Danny Gathings

Personal information
- Born: December 11, 1980 (age 45) Winston-Salem, North Carolina, U.S.
- Listed height: 6 ft 6 in (1.98 m)
- Listed weight: 205 lb (93 kg)

Career information
- High school: Winston-Salem Prep (Winston-Salem, North Carolina)
- College: Virginia Tech (2000–2001); High Point (2002–2005);
- NBA draft: 2005: undrafted
- Playing career: 2005–2009
- Position: Forward

Career history
- 2005–2006: Aura Basket Turku
- 2006–2007: Sallen Basket
- 2007–2009: Uppsala Basket
- 2009: Korihait

Career highlights
- Big South Player of the Year (2004); 2× First-team All-Big South (2003, 2004); AP Honorable Mention All-American (2004); NCAA Sportsmanship Award (2004);

= Danny Gathings =

American basketball player

Danny Gathings (born December 11, 1980) is an American former professional basketball player. He spent time playing in Finland and Sweden after completing his collegiate career in the United States at High Point University. In 2003–04, he was the Big South Conference's player of the year.

==College==
Gathings starred at Winston-Salem Preparatory Academy in Winston-Salem, North Carolina before starting his collegiate career at Virginia Tech in 2000–01. In his freshman season, Gathings played in 20 games and averaged 7.0 points, 3.2 rebounds and 1.0 steals per contest. He decided to transfer at the end of the year, however, and chose High Point University as his school of choice.
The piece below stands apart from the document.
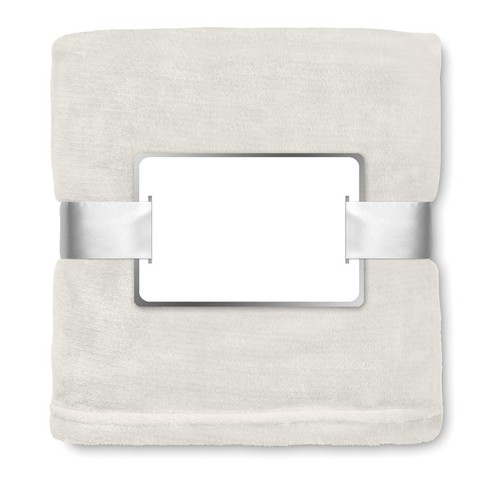 Couverture en polaire 280 gr/m² enveloppée dans un ruban et carte imprimable.

Due to NCAA transfer by-laws, Gathings redshirted his true sophomore year in 2001–02. He made an immediate impact when he became eligible in 2002–03: he averaged 18.7 points, 7.6 rebounds and 2.2 steals per game. Despite the Panthers finishing with a 7–20 overall record, Gathings was able to lead the Big South in both points and rebounds per game.

The next season, his scoring (15.8) and steals (1.6) dipped, but his rebounding (8.0) increased. High Point had a 12-game turnaround and finished with a 19–11 record and Gathings was named the conference's player of the year. That season, he recorded 12 double-doubles, scored his 1,000th career point, and made two game-winning shots as time expired. Gathings led the Panthers to the championship game of the Big South tournament where they fell to Liberty, 89–44. He was named the tournament's MVP despite being outplayed by Liberty freshman Larry Blair. Without being told to do so or it having been suggested to him, Gathings voluntarily handed the MVP trophy to Blair, the player he thought was most deserving, in a ceremony at Liberty's campus shortly thereafter. The NCAA named Gathings their 2003–04 Co-Sportsman of the Year for this benevolent act, which also made him the first athlete from High Point to be presented an NCAA-sponsored award.

In Gathings' senior season, defenses were more focused on him and his numbers suffered. He averaged 12.6 points, 6.6 rebounds, and 1.3 steals per game, and the Panthers finished with a 13–18 overall record. Unlike his previous two seasons, he did not earn any All-Big South honors. Gathings concluded his collegiate career with net totals of 1,400 points, 662 rebounds, and 155 steals in 101 games played.

==Professional==
Gathings played several years of professional basketball following college. In Finland's Korisliiga, he played for Aura Basket Turku in 2005–06. The next three seasons were spent in Sweden's Basketligan playing for Sallen Basket and Uppsala Basket, respectively, before finishing his career off in Finland once again with Korihait.